TASK DIRECTIONS: Your copy should repeat each record exactly and contain none of the pictures.

==============================

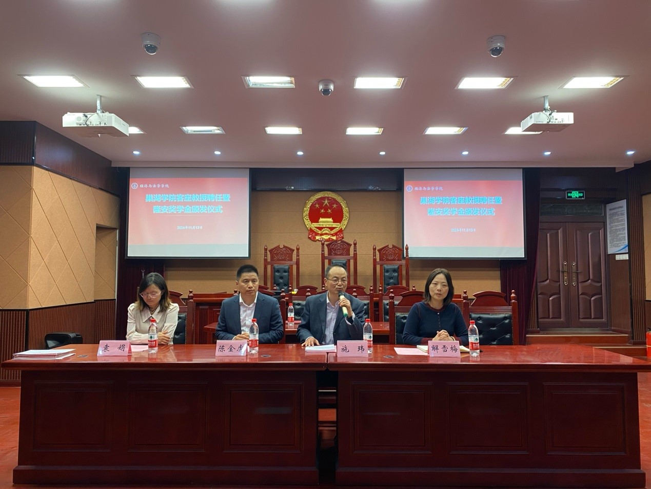 講座前舉行了客座教授聘任暨隆安獎學金頒發儀式,聘任北京隆安(合肥)律師事務所陳金虎律師、袁娟律師為經法學院客座教授,并為獲得本年度隆安獎學金的10位同學頒發了獲獎證書。
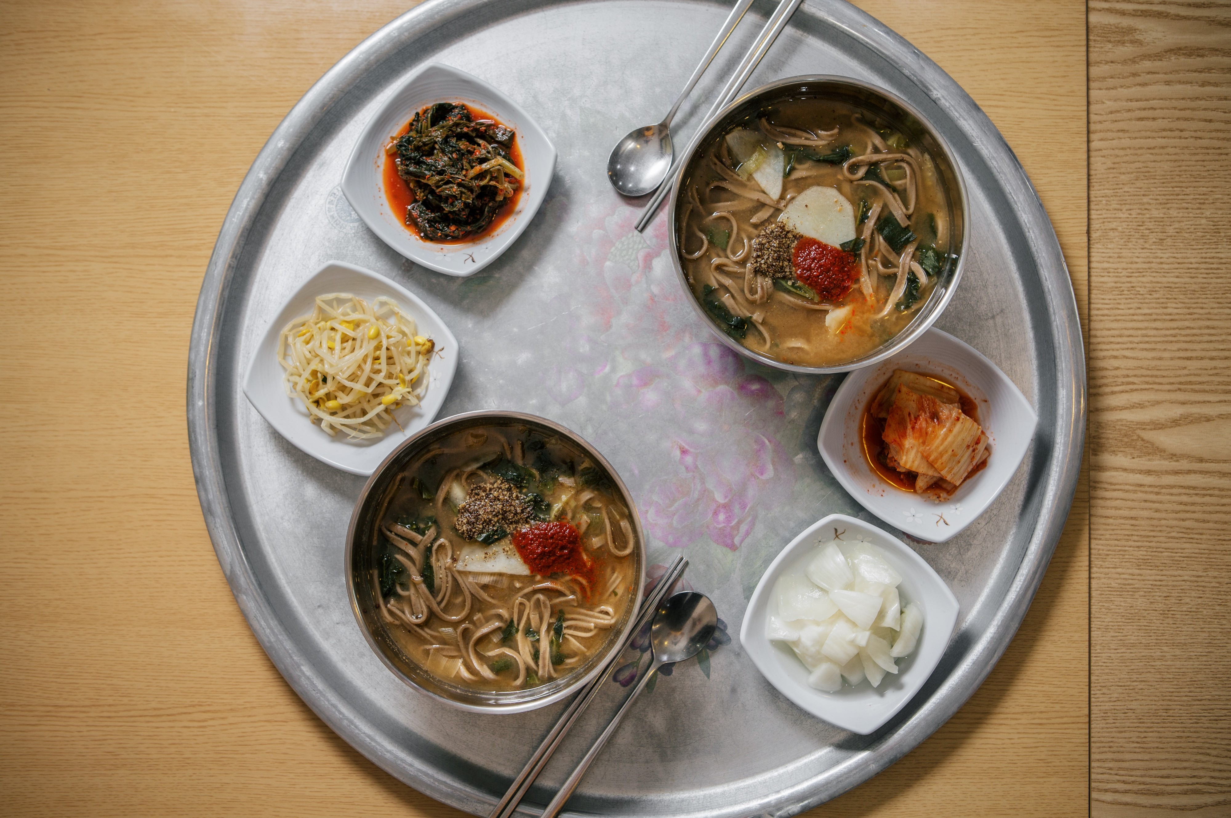 물이 끓어오르면 얇게 썬 감자와 메밀 면을 넣고 익히다 된장을 한 국자 풀어 넣는다. 3-5년 정도 숙성된 집 된장은 구수한 풍미가 일품이다. 배추와 다진 파, 마늘을 넣고 면이 완전히 익을 때까지 10분 정도 더 삶다가, 다 익으면 그릇에 면과 국물을 적당히 담고 매콤함을 더할 양념장과 들깨 가루를 고명으로 얹는다. 물에 된장으로만 육수를 내 심심할 것 같지만 쫄깃한 메밀 면과 배추, 된장 육수의 조합이 예상외로 새롭다. 후루룩 면을 건져 먹고 그릇을 들어 국물을 마시면 시원하게 속이 풀린다.
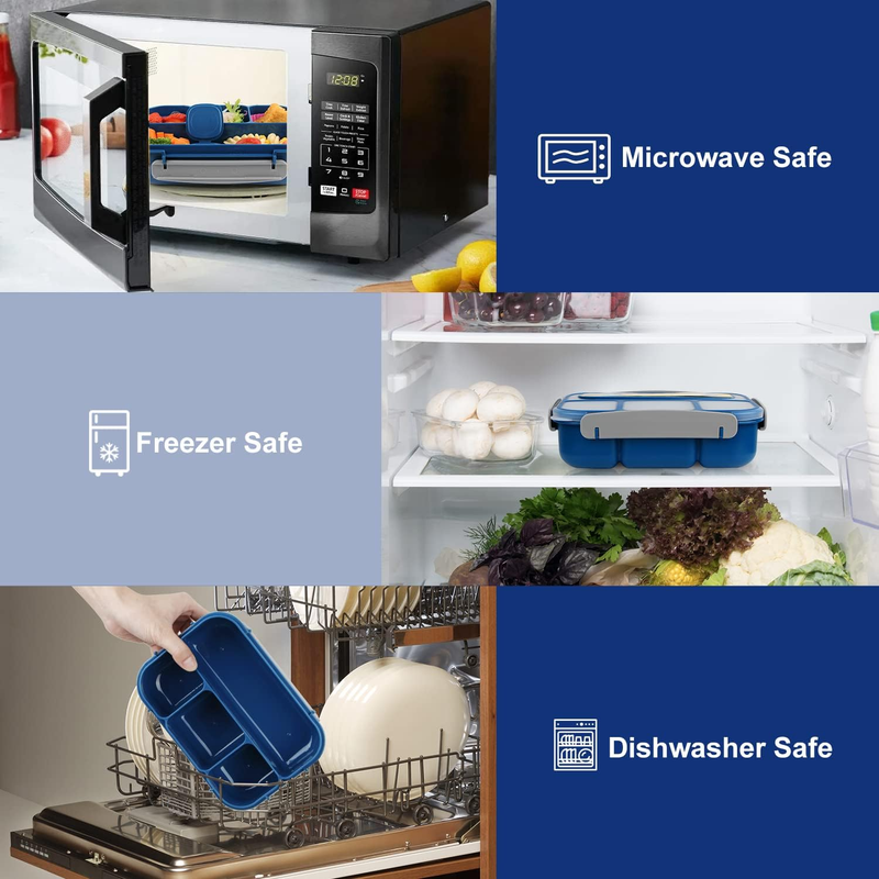 ?Easy clean?It is very easy to clean (just throw it in the dishwasher) and the compartments in the lunch box are of ample size.Freezer safe,Microwave safe for reheating your prep meal.(Please remove the lids before heating in the microwave)
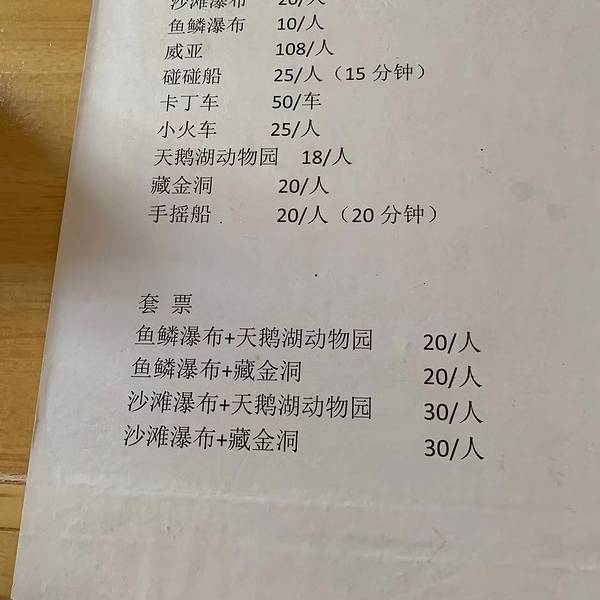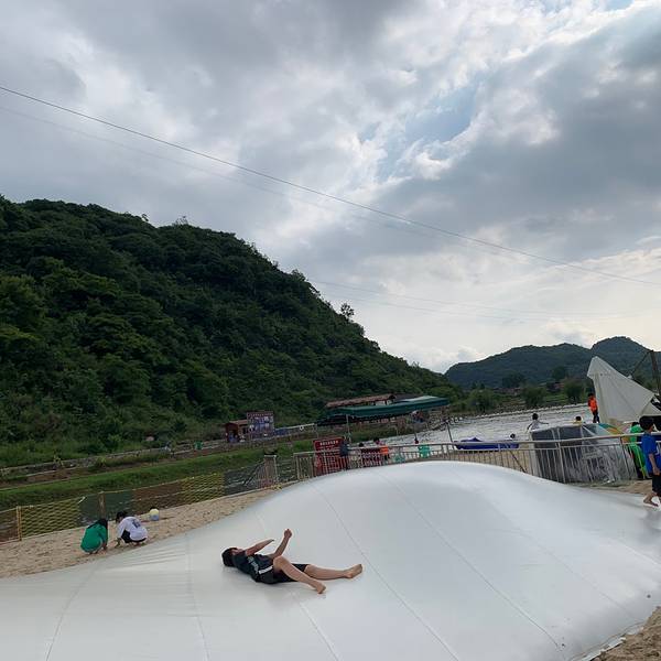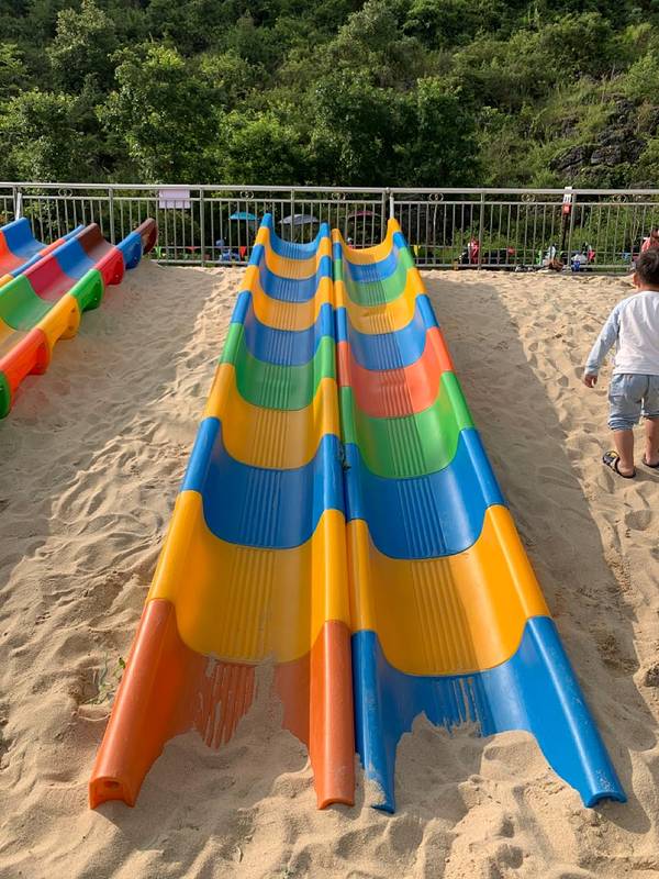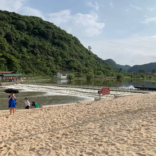 周末周边游再次来到安顺,与近期连日暴雨不同,周日天气晴朗,遂搜索周边景区,来到十里荷廊. 门票:大门票免费,小景点收费(基本上在20元左右,详见图片),个人建议在线上购买,大概8-9折. 关于停车:两旁路边有为数不多的停车位,停车比较困难,收费10元 由于去的前几天暴雨,河水水位较高,当天关闭能玩的项目不多,就选择了一个小孩子喜欢的沙滩项目。沙滩项目需光脚或者自备拖鞋,入口处旁边虽然有6个滑道,但是由于角度不够大,且摩擦系数过大,小孩子很难滑下来,比较失败. 游玩注意事项: 1、沙滩旁有多人荡秋千的项目,但是不建议6岁以下的小朋友玩,身材过小容易发生危险; 2、小景点外有售卖饮料饮食的地方,比平时贵1元,如果没带够的话,此时不要犹豫,果断购买。因为小景点内售卖的更贵,虽然二者仅一墙之隔; 3、个人觉得河边防护措施不足,小孩子容易失足掉落入河水中,家长一定要留意保护; 4、鱼鳞瀑布是网红景点,拍照和录短视频的人很多,但是受到河水水位的影响,水位高时出于安全考虑将关闭此景点,如果是特意去鱼鳞瀑布的话,一定要注意头一天有无大量降水.
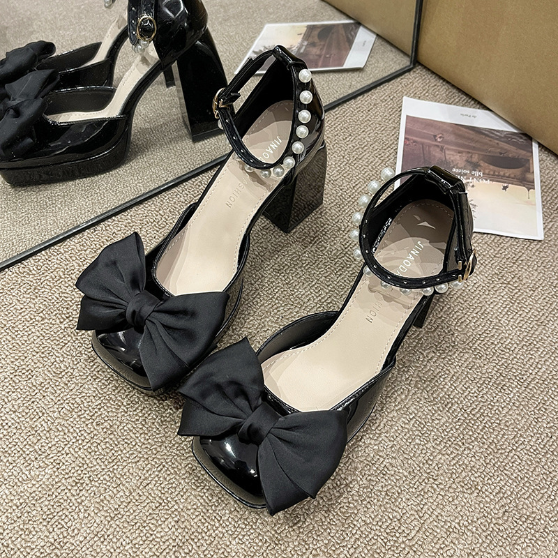 甜美包头凉鞋女2025春夏新款时尚蝴蝶结仙女粗跟防滑玛丽珍高跟鞋
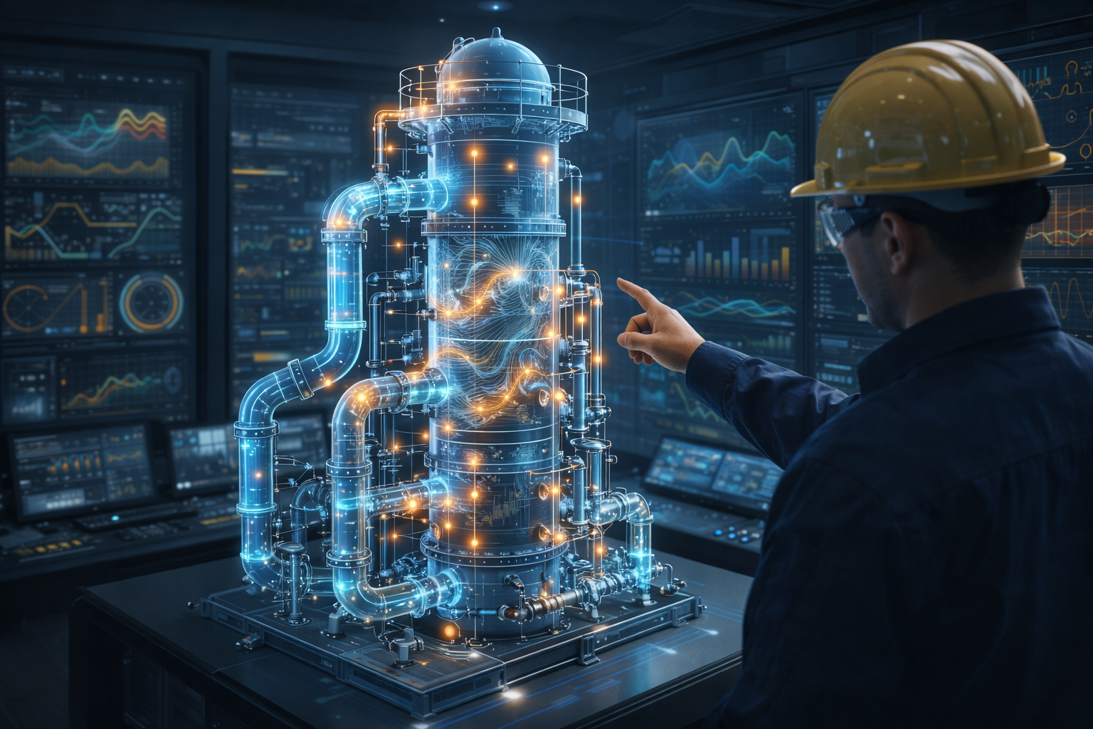 Xây dựng mô hình Digital Twin của tháp hấp thụ PP dựa trên dữ liệu thực đo giúp mô phỏng, dự báo và tối ưu hóa các thông số vận hành mà không cần dừng máy thử nghiệm — giảm rủi ro và tiết kiệm chi phí tối ưu hóa đáng kể.
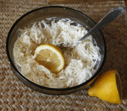 Rzepę oczyścić, zetrzeć na tarce z grubszymi oczkami. Jogurt lub śmietanę wymieszać z solą i sokiem cytrynowym. Surówkę polać, posypać pieprzem cytrynowym.
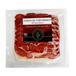 Премиальный испанский деликатес — Jamón 50% Ibérico в формате готовой нарезки. Производится из свиней с 50% иберийской генетики, прошедших традиционную сухую выдержку. Нарезка сохраняет характерный аромат, насыщенный вкус и нежную текстуру хамона, полностью готова к подаче и идеально подходит для сервировки без дополнительной подготовки.
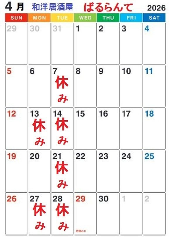 ※ ばるらんて4月定休日ご案内 ※
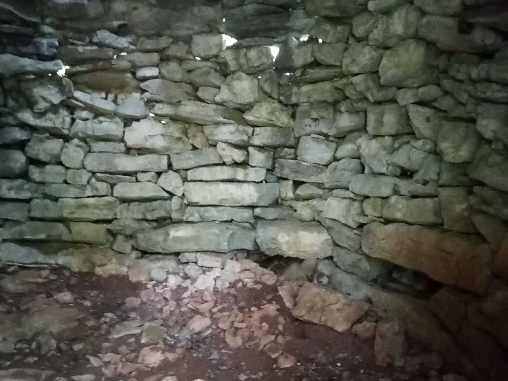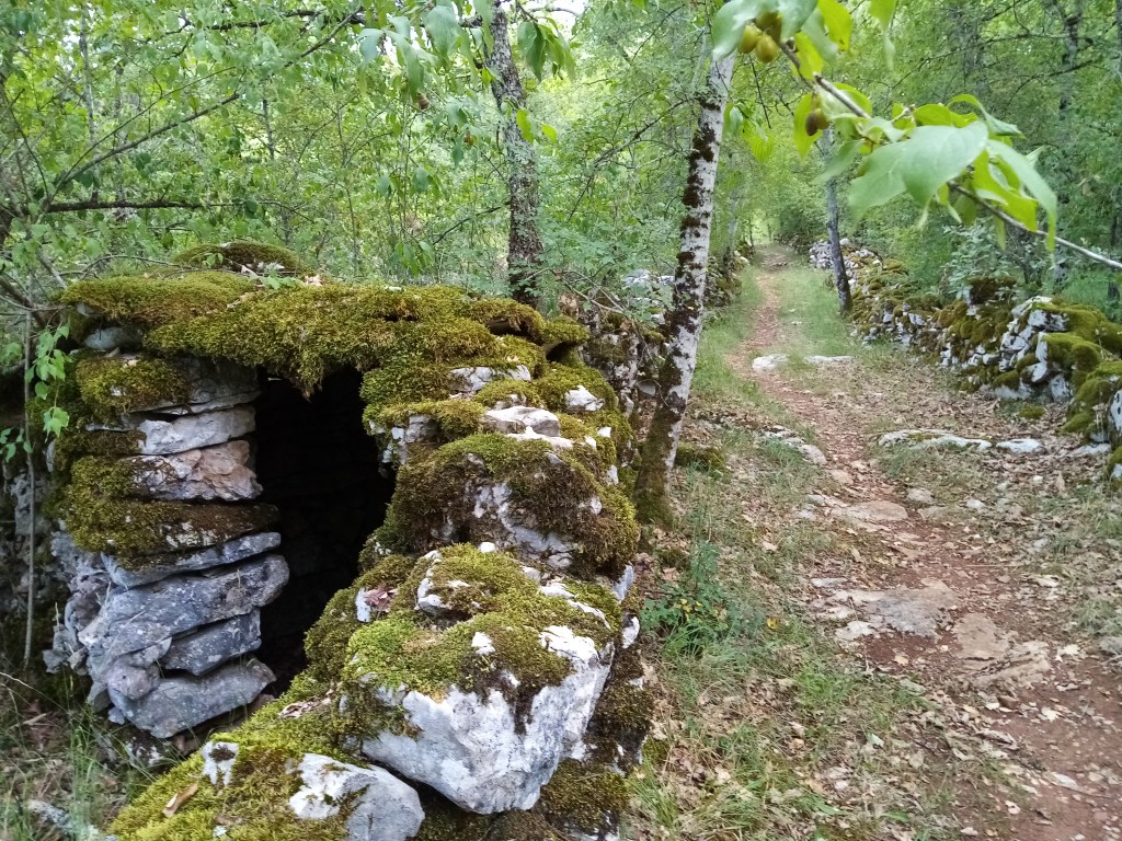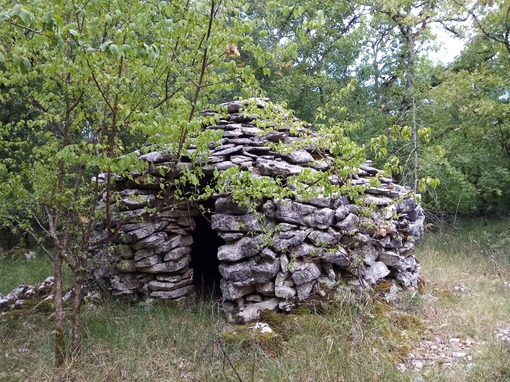 - une gariotte à la couverture en partie effondrée, comme deux autres vues également dans notre parcours. Les pierres plates mais épaisses qui forment leur toit finissent par glisser ou s’entraîner mutuellement dans leur chute.
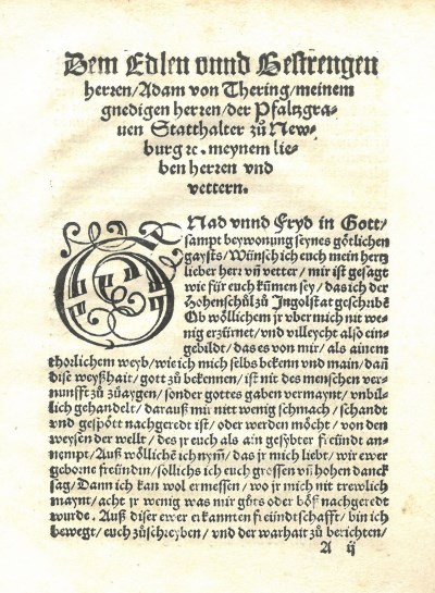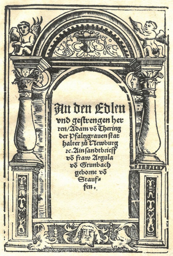 An den Edlen vnd gestrengen herren / Adam von Thering der Pfaltzgraven stathalter zu Newburg etc. Ain sandtbrieff von fraw Argula von Grumbach geborne von Stauffen, [Augsburg (Philipp Ulhart d.Ä.)] 1523
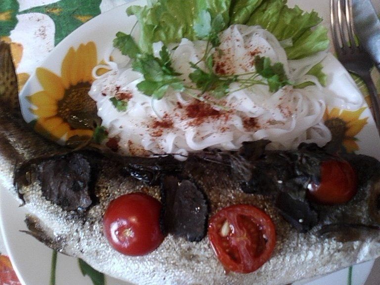 Pestele spalat, il condimentam cu sare si piper,stropim cu zeama de lamaie, lasam 15 minute la frigider,dupa care umplem pestele cu bucati din rosie,usturoi si frunze de menta.Asezam pestii in vas de yena uns cu putin ulei de masline,ornam cu felii de rosie,lamaie, frunze de menta si ciuperca fiarta in vodka. Adaugam vinul,acoperim cu folie de aluminiu si dam la cuptorul incins pentru 20 minute.Servim cu garnitura de paste din faina de orez,pregtite dupa reteta de pe ambalaj.Ornam cu patrunjel proaspat.
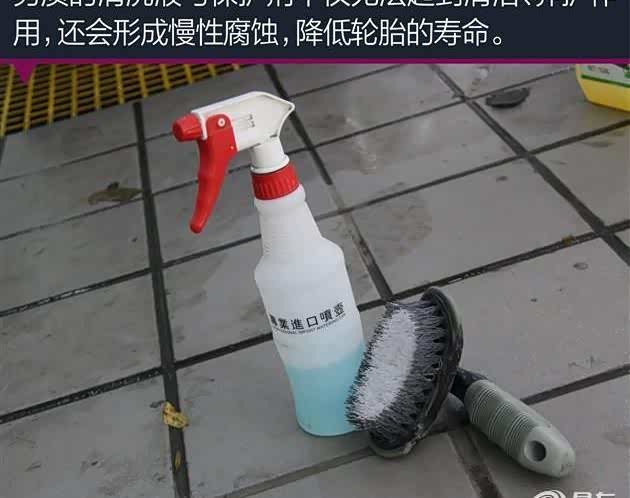 总而言之,用在车上的清洗液都需要我们谨慎对待,劣质的清洗产品会对漆面、轮圈、轮胎形成腐蚀,长期使用还会加速老化,不仅影响车辆的美观,还有可能造成安全隐患。以轮胎保护剂为例,市场价格由几元至上百元不等,商家介绍的功效更是神乎其神,它究竟能否保护轮胎还真不好说,但选用不当的确会腐蚀轮胎橡胶,建议大家适量、适度使用相关产品。

==============================

TASK OUTPUT:
 講座前舉行了客座教授聘任暨隆安獎學金頒發儀式,聘任北京隆安(合肥)律師事務所陳金虎律師、袁娟律師為經法學院客座教授,并為獲得本年度隆安獎學金的10位同學頒發了獲獎證書。
 물이 끓어오르면 얇게 썬 감자와 메밀 면을 넣고 익히다 된장을 한 국자 풀어 넣는다. 3-5년 정도 숙성된 집 된장은 구수한 풍미가 일품이다. 배추와 다진 파, 마늘을 넣고 면이 완전히 익을 때까지 10분 정도 더 삶다가, 다 익으면 그릇에 면과 국물을 적당히 담고 매콤함을 더할 양념장과 들깨 가루를 고명으로 얹는다. 물에 된장으로만 육수를 내 심심할 것 같지만 쫄깃한 메밀 면과 배추, 된장 육수의 조합이 예상외로 새롭다. 후루룩 면을 건져 먹고 그릇을 들어 국물을 마시면 시원하게 속이 풀린다.
 ?Easy clean?It is very easy to clean (just throw it in the dishwasher) and the compartments in the lunch box are of ample size.Freezer safe,Microwave safe for reheating your prep meal.(Please remove the lids before heating in the microwave)
 周末周边游再次来到安顺,与近期连日暴雨不同,周日天气晴朗,遂搜索周边景区,来到十里荷廊. 门票:大门票免费,小景点收费(基本上在20元左右,详见图片),个人建议在线上购买,大概8-9折. 关于停车:两旁路边有为数不多的停车位,停车比较困难,收费10元 由于去的前几天暴雨,河水水位较高,当天关闭能玩的项目不多,就选择了一个小孩子喜欢的沙滩项目。沙滩项目需光脚或者自备拖鞋,入口处旁边虽然有6个滑道,但是由于角度不够大,且摩擦系数过大,小孩子很难滑下来,比较失败. 游玩注意事项: 1、沙滩旁有多人荡秋千的项目,但是不建议6岁以下的小朋友玩,身材过小容易发生危险; 2、小景点外有售卖饮料饮食的地方,比平时贵1元,如果没带够的话,此时不要犹豫,果断购买。因为小景点内售卖的更贵,虽然二者仅一墙之隔; 3、个人觉得河边防护措施不足,小孩子容易失足掉落入河水中,家长一定要留意保护; 4、鱼鳞瀑布是网红景点,拍照和录短视频的人很多,但是受到河水水位的影响,水位高时出于安全考虑将关闭此景点,如果是特意去鱼鳞瀑布的话,一定要注意头一天有无大量降水.
 甜美包头凉鞋女2025春夏新款时尚蝴蝶结仙女粗跟防滑玛丽珍高跟鞋
 Xây dựng mô hình Digital Twin của tháp hấp thụ PP dựa trên dữ liệu thực đo giúp mô phỏng, dự báo và tối ưu hóa các thông số vận hành mà không cần dừng máy thử nghiệm — giảm rủi ro và tiết kiệm chi phí tối ưu hóa đáng kể.
 Rzepę oczyścić, zetrzeć na tarce z grubszymi oczkami. Jogurt lub śmietanę wymieszać z solą i sokiem cytrynowym. Surówkę polać, posypać pieprzem cytrynowym.
 Премиальный испанский деликатес — Jamón 50% Ibérico в формате готовой нарезки. Производится из свиней с 50% иберийской генетики, прошедших традиционную сухую выдержку. Нарезка сохраняет характерный аромат, насыщенный вкус и нежную текстуру хамона, полностью готова к подаче и идеально подходит для сервировки без дополнительной подготовки.
 ※ ばるらんて4月定休日ご案内 ※
 - une gariotte à la couverture en partie effondrée, comme deux autres vues également dans notre parcours. Les pierres plates mais épaisses qui forment leur toit finissent par glisser ou s’entraîner mutuellement dans leur chute.
 An den Edlen vnd gestrengen herren / Adam von Thering der Pfaltzgraven stathalter zu Newburg etc. Ain sandtbrieff von fraw Argula von Grumbach geborne von Stauffen, [Augsburg (Philipp Ulhart d.Ä.)] 1523
 Pestele spalat, il condimentam cu sare si piper,stropim cu zeama de lamaie, lasam 15 minute la frigider,dupa care umplem pestele cu bucati din rosie,usturoi si frunze de menta.Asezam pestii in vas de yena uns cu putin ulei de masline,ornam cu felii de rosie,lamaie, frunze de menta si ciuperca fiarta in vodka. Adaugam vinul,acoperim cu folie de aluminiu si dam la cuptorul incins pentru 20 minute.Servim cu garnitura de paste din faina de orez,pregtite dupa reteta de pe ambalaj.Ornam cu patrunjel proaspat.
 总而言之,用在车上的清洗液都需要我们谨慎对待,劣质的清洗产品会对漆面、轮圈、轮胎形成腐蚀,长期使用还会加速老化,不仅影响车辆的美观,还有可能造成安全隐患。以轮胎保护剂为例,市场价格由几元至上百元不等,商家介绍的功效更是神乎其神,它究竟能否保护轮胎还真不好说,但选用不当的确会腐蚀轮胎橡胶,建议大家适量、适度使用相关产品。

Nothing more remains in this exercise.